Villages in rural central India.
Cohort study.
The population-based Central India Eye and Medical Study examined the prevalence of surgical pseudophakia/aphakia, the postoperative visual acuity, and the reasons for decreased postoperative vision in subjects aged 30+ in rural central India. Visual impairment was defined as (1) presenting visual acuity worse than 6/18 or (2) corrected distance visual acuity (CDVA) worse than 6/18.
Of the 9392 eyes (99.7 % ) of 4711 subjects with available data on the lens status, 318 eyes (3.4 % ) (234 patients, 129 women) had had cataract surgery (5.0 % ¡À 0.3 % ). Cataract surgery was significantly associated with age (P<.001), female sex (P=.008), shorter axial length (P<.001), and diabetes mellitus (P<.001). The prevalence of postoperative presenting visual impairment was 63 % (201/318 eyes) and of postoperative CDVA impairment, 36 % (117/318 eyes). The major cause of the former was incorrect intraocular lens (IOL) power (42 % ); the major causes of the latter were posterior capsule opacification (24 % ), surgical complications (21 % ), age-related macular degeneration (10.3 % ), other macular disorders (4.3 % ), corneal opacities (3.4 % ), and glaucoma (2.0 % ). Surgical complications were significantly more common in the aphakic group than in the pseudophakic group (46.4 % versus 2.0 % ; P<.001).

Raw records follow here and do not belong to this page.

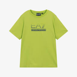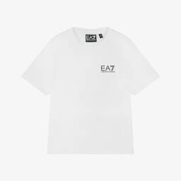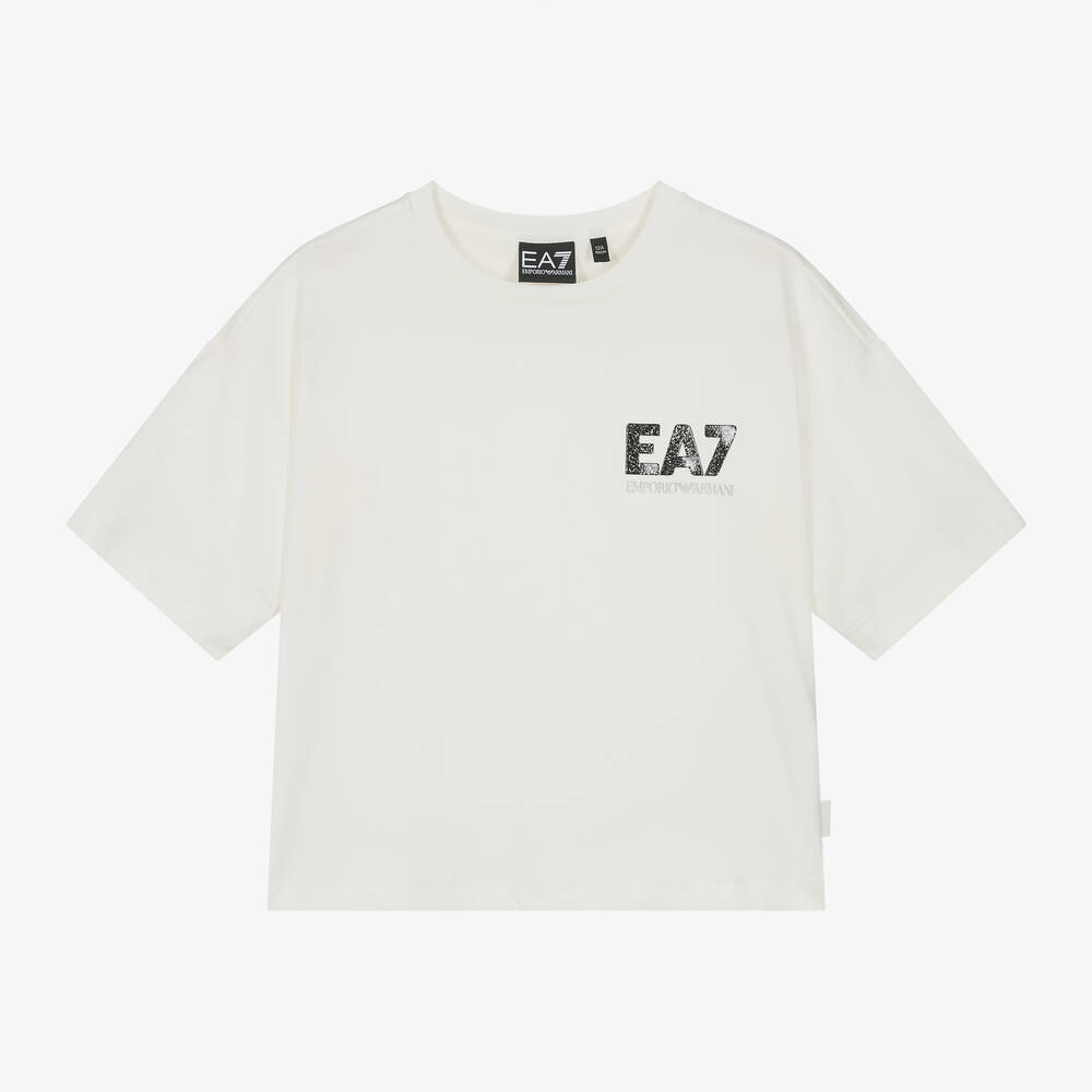 Ivory T-shirt for girls by EA7 Emporio Armani, made in soft cotton jersey. In a relaxed, boxy fit, this comfortable top has a rubberised, glittery black EA7 logo on the chest adding a stylish designer touch.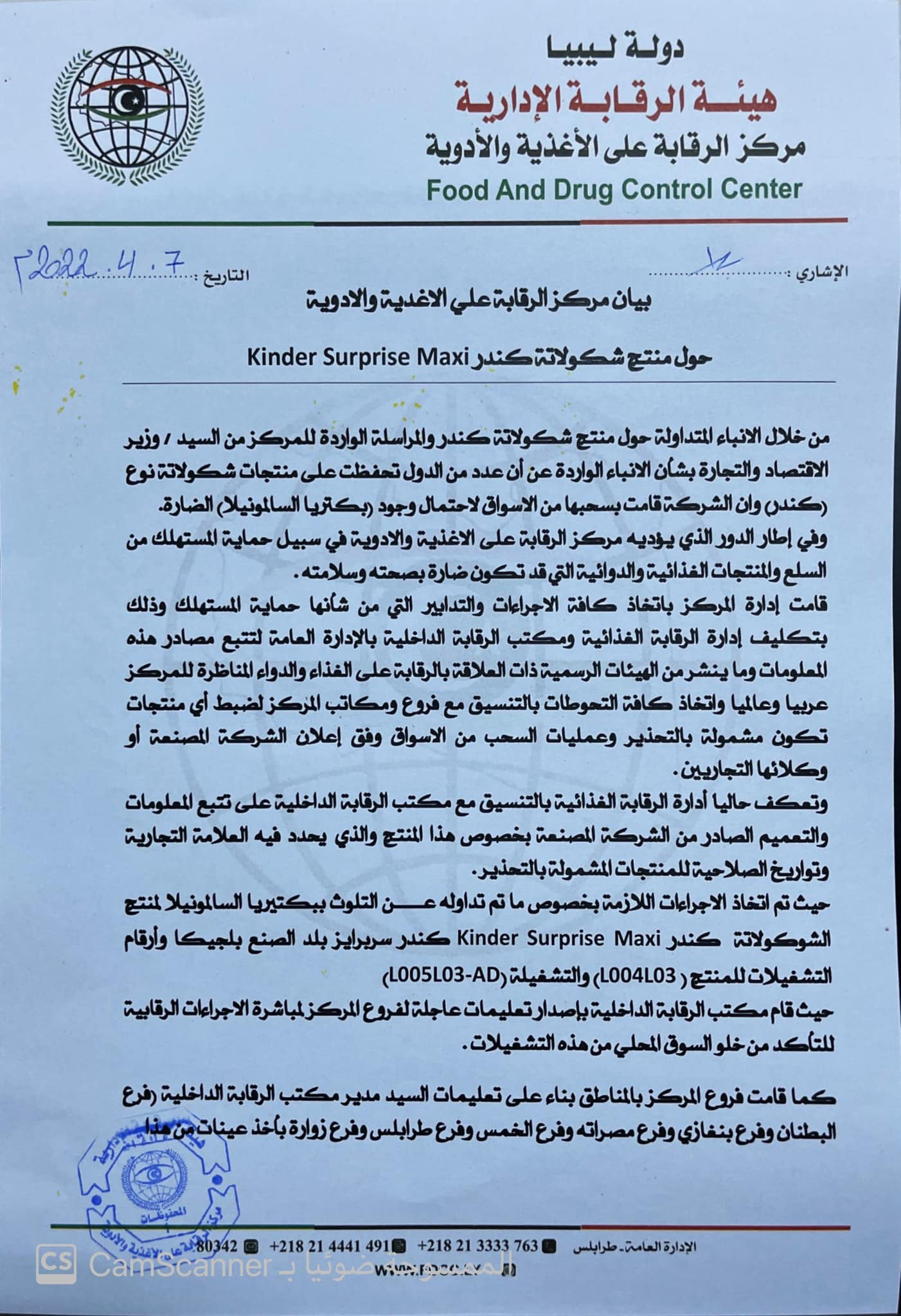 #بيان || مركز الرقابة على الأغذية والادوية حول منتج شوكلاتة #كندر (( kinder surprise Maxi )). حول ما تداول مؤخرا…
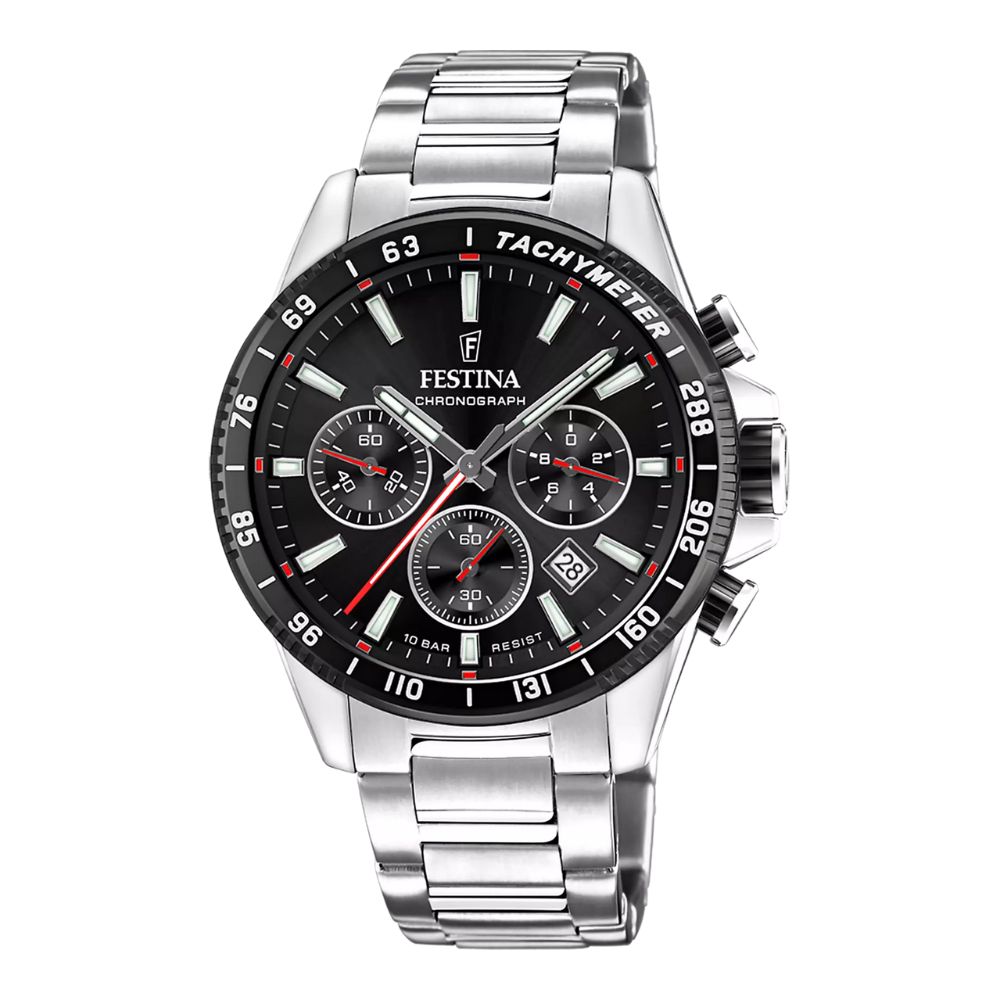 Montre homme Festina Timeless Chronograph – Cadran noir & bracelet Acier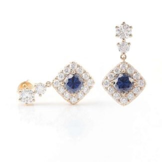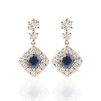BLUE GREEN Cushion Cut Moissanite Yellow Gold Stud Earrings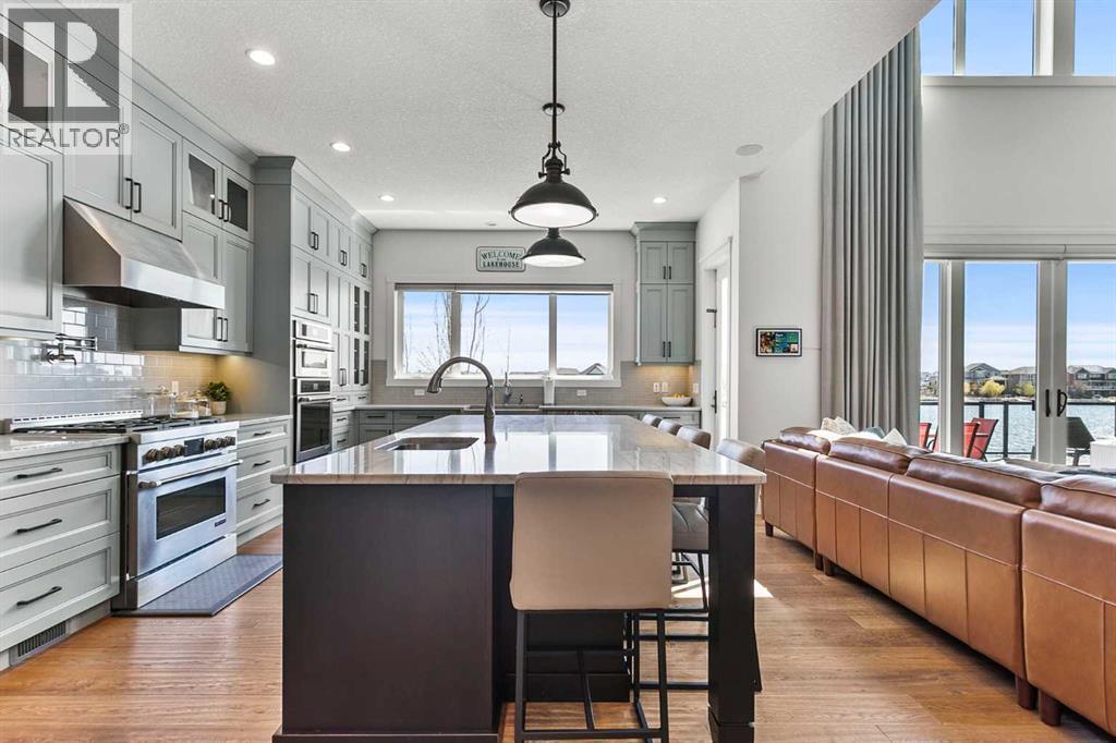 Welcome to the lakefront retreat you’ve been dreaming of—nestled on one of the LARGEST LOTS on AUBURN BAY LAKE, thisstunning residence offers over 4,800 SQ FT OF EXQUISITELY DESIGNED LIVING SPACE, a PRIVATE DOCK, and spectacular PANORAMIC VIEWS fromnearly every room. Step inside to soaring 19-FOOT CEILINGS and dramatic FLOOR-TO-CEILING WINDOWS that flood the main floor with natural lightand frame the sparkling lake like a work of art. The open-concept design effortlessly connects the living, dining, and kitchen areas—perfect for bothgrand entertaining and everyday comfort. One of the standout features of this exceptional home is the DEDICATED MEDIA ROOM, complete withTHEATRE-STYLE RECLINER SEATING, creating the ultimate spot for movie nights, game day gatherings, or immersive entertainment experiences rightat home. The chef’s kitchen is a true showpiece, featuring DAUTER STONE GRANITE COUNTERTOPS, high-end JENN-AIR APPLIANCES, a massiveisland with extra seating, a WALK-THROUGH PANTRY, and a dedicated COFFEE STATION to elevate your daily routine. A PRIVATE HOME OFFICE andan oversized TRIPLE GARAGE add practical luxury. The MAIN FLOOR PRIMARY SUITE is a serene retreat, boasting UNOBSTRUCTED LAKE VIEWS,sliding doors to the expansive deck, and a spa-inspired 5-PIECE ENSUITE with dual sinks, marble countertops, and a spacious walk-in closet.Upstairs, a sunlit SITTING AREA overlooks the main living space and leads to two generously sized bedrooms and a full bath—providing comfort andprivacy for family or guests. The FULLY DEVELOPED WALKOUT BASEMENT continues the theme of elevated living, with a large GAMES AREA, sleekKITCHENETTE, two additional bedrooms—one with a private ensuite and walk-in closet, the other with direct lake views—and a luxurious fullbathroom featuring a STEAM SHOWER. The COVERED PATIO, finished with stylish tile plank flooring, opens to a beautifully landscaped yard with aCUSTOM SHED and ample room for outdoor enjoyment. Additional highlig hts include IN-FLOOR HEATING in the basement, CENTRAL AIRCONDITIONING throughout the home, and the option to purchase the property TURNKEY AND FULLY FURNISHED, complete with high-end furnishingsand curated artwork for a seamless move-in experience. (Ask your realtor for details on the furnished option.) This is a RARE OPPORTUNITY to own apremier LAKEFRONT PROPERTY in one of Calgary’s most sought-after communities. Don’t miss your chance to experience the best of AUBURN BAYLIVING—where luxury, comfort, and lakeside beauty come together in perfect harmony. (id:6769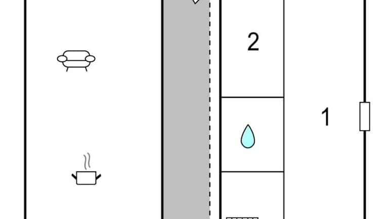 Das Ferienhaus umfasst ein Wohnzimmer mit einem TV und zwei Schlafzimmer. Es ist ideal für Familien oder Gruppen, die eine private und komfortable Atmosphäre suchen.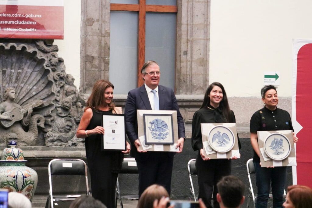 Secretario de Economía, Marcelo Ebrard Casaubon (MEC): Bueno, hola, ¿cómo les va? Gracias por acompañarme brevemente. Ya escucharon ustedes, pero les sintetizo, es una colección de imágenes de las águilas de México del año 500 después de Cristo a la fecha actual. Es una recopilación histórica en la que participaron pues varios historiadores, señaladamente Enrique Florescano, Rafael López, la doctora Alejandra Moreno y que Angélica Moreno llevó a la Talavera con técnicas, como ya dije, del siglo XVII, fines del siglo XVI, principios del siglo XVII.
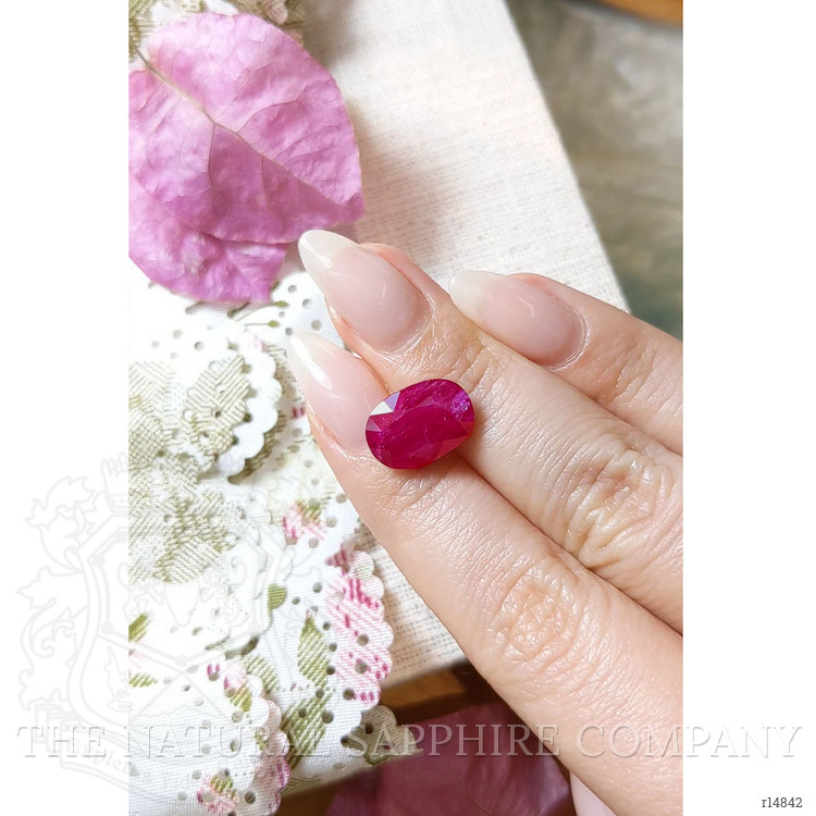 An ode to opulence, this unique oval-shaped ruby measures 14.13 x 9.88 x 5.65 mm and boasts a captivating mixed brilliant cut. The artistry of the cut enhances the ruby's inherent properties, allowing light to interact with its vivid hues in a dance of kaleidoscopic reflection. As light enters, each facet acts as a mirror, bouncing back concentrated beams of color that command attention with their brilliance. This skillful cutting technique reveals a depth and intensity in the gemstone's palette, highlighting its vivid color intensity that is both enthralling and singular. Unlike ordinary stones, this ruby possesses a vivid intensity that creates a glow, proclaiming its rarity and creating a tapestry of enchantment at every angle.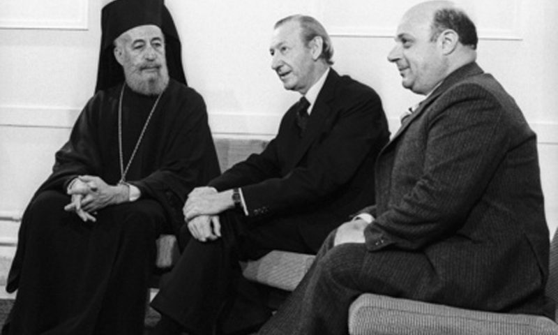 Ο Αρχιεπίσκοπος Μακάριος με τον γ.γ. του ΟΗΕ Κουρτ Βάλντχαϊμ (στη μέση) και τον τουρκοκύπριο Ραούφ Ντενκτάς.
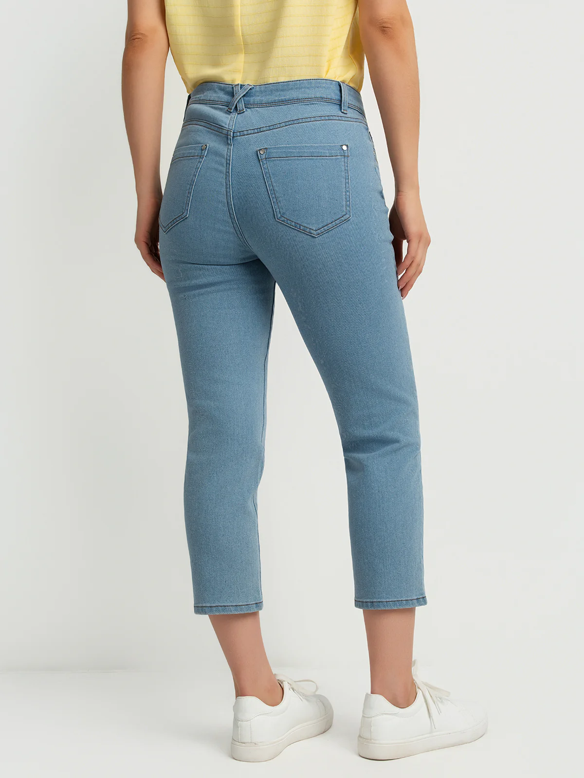 Jean étroit à la cheville comprenant des poches avant et arrière, des surpiqûres apparentes et un bas de jambe orné de boutons décoratifs latéraux.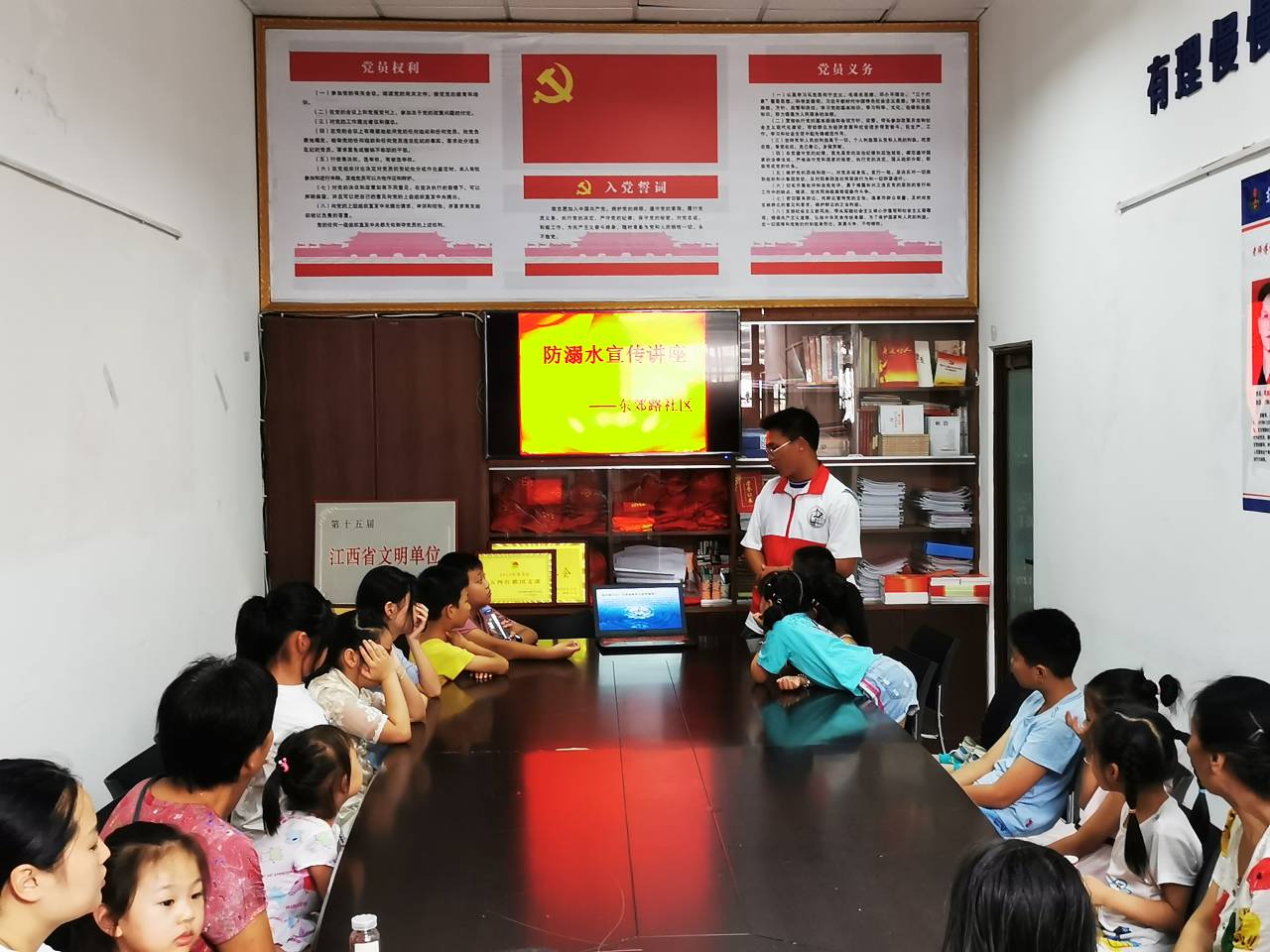 2020年7月31日,赣州志愿者来到章贡区东郊路社区新时代文明实践所给少年儿童进行防溺水宣讲和举办红色教育故事会。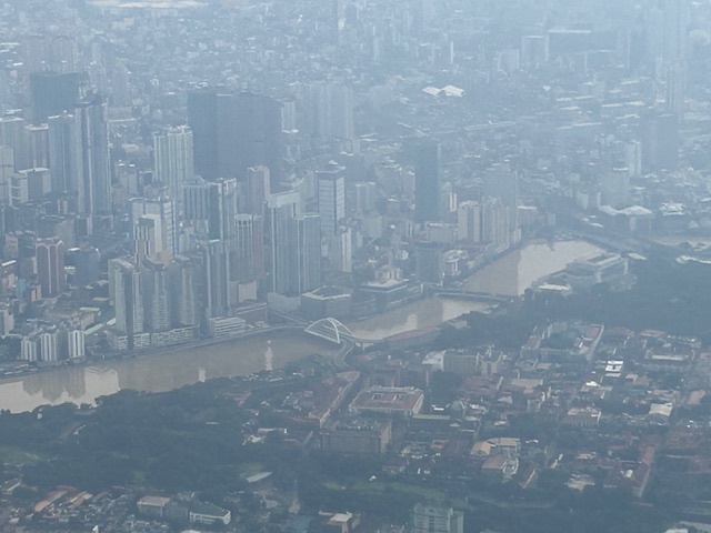 The view as we lifted off from NAIA shows SM’s reclamation project across from the MOA complex.

Approximately 5 % of the central India population aged 30 years or older had had cataract surgery. Postoperative visual impairment was present in 2 of 3 eyes. The major reasons were incorrect IOL power and surgical complications. Improved IOL power calculations and improved surgical techniques may markedly improve postoperative outcome.
No author has a financial or proprietary interest in any material or method mentioned.